- _Problem details_
Only one stretch of the material below is wanted: everything from the line containing "19、选择账户模式、委托类型" down to the line containing "Караульные- автоматами со", both ends included. Repeat it exactly and skip the pictures.

- _Information supplied_
:::

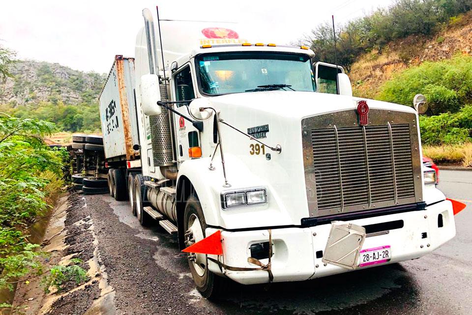 Vuelca contenedor de tráiler en la Rumbo Nuevo
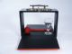 The cabinet is shown empty by lowering the front and back doors and a ball is placed in one side of the cabinet and an empty glass in the other. The doors are closed and on reopening the ball is found to be inside the glass! Includes instructions. Rubber ball replaced with sponge ball by previous owner. Condition one hinge on bottom section has had brads installed in place of original screws and not very well. Overall good condition.
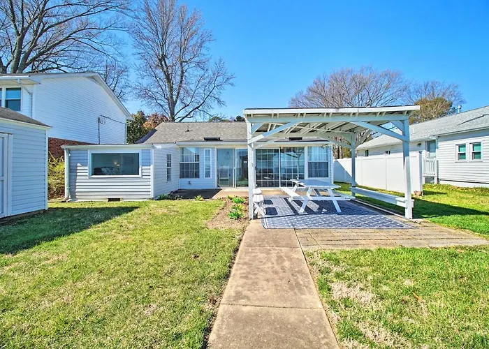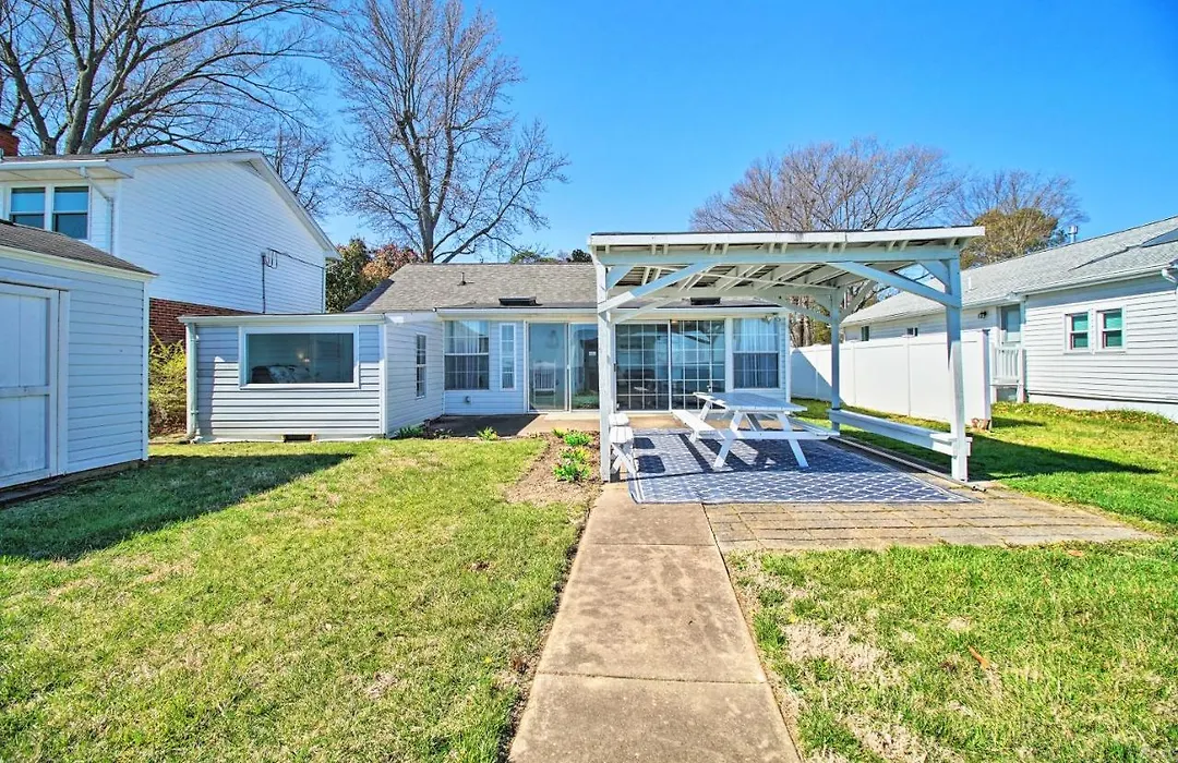 Refreshing Colonial Beach Vacation Rental! villa ligt binnen 3 km van The Museum at Colonial Beach en nodigt gasten uit om te ontspannen op een zonneterras.
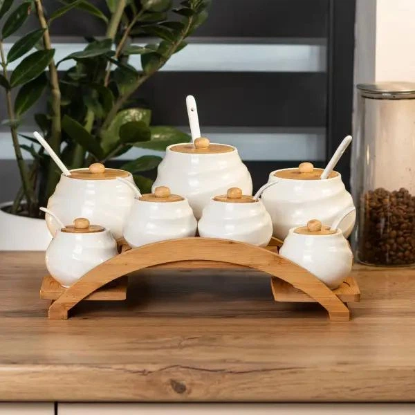 Набір керамічних банок з ложечками 500/200 мл для сипучих продуктів 7 штук з бамбуковими кришками та підставкою для організа
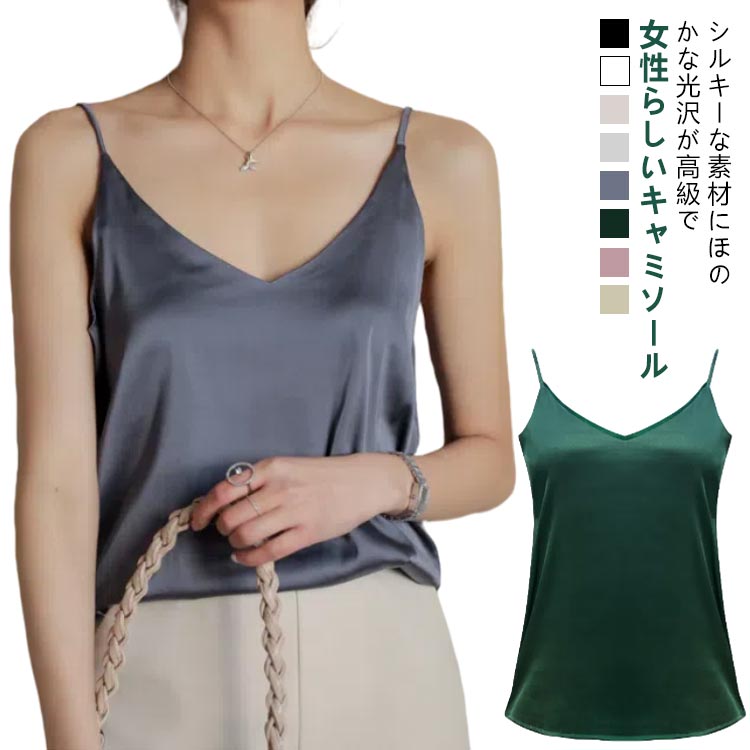 キャミ ランジェリー ルームウェア サテンキャミソール シルクタッチ エレガン 白 部屋着 Vネック
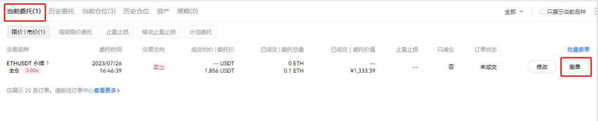 19、选择账户模式、委托类型,输入价格、数量,点击买入开多(看涨)或卖出开空(看空)。未成交的委托挂单可单击撤单撤销委托。此处以开空为例。
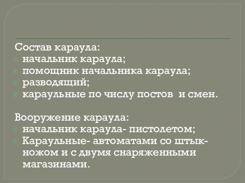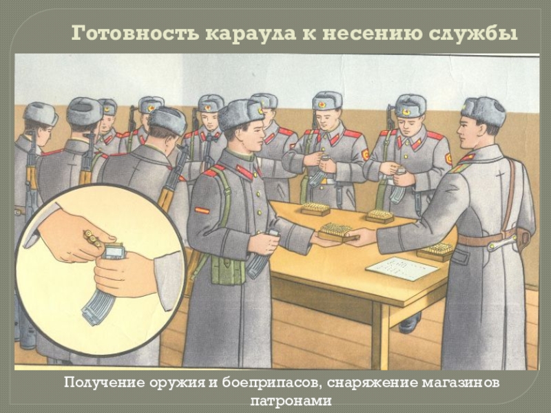 Караульные- автоматами со штык-ножом и с двумя снаряженными магазинами.
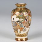 A Japanese Satsuma earthenware vase by Hasegawa, Meiji period, of baluster form, painted and gilt with opposing panels of figures and landscape, reserved against a floral and simulated brocade ground, iron red and gilt signature to base, height 9.7cm (chip to footrim), together with a Satsuma earthenware kettle by Hattori, Meiji period, painted and gilt with birds and wisteria, black painted signature to base, height 3.9cm (minor faults and restoration).
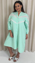 CurveWow Striped Shirt Dress Green Stripe

:::

- _Exercise output_
 19、选择账户模式、委托类型,输入价格、数量,点击买入开多(看涨)或卖出开空(看空)。未成交的委托挂单可单击撤单撤销委托。此处以开空为例。
 Караульные- автоматами со штык-ножом и с двумя снаряженными магазинами.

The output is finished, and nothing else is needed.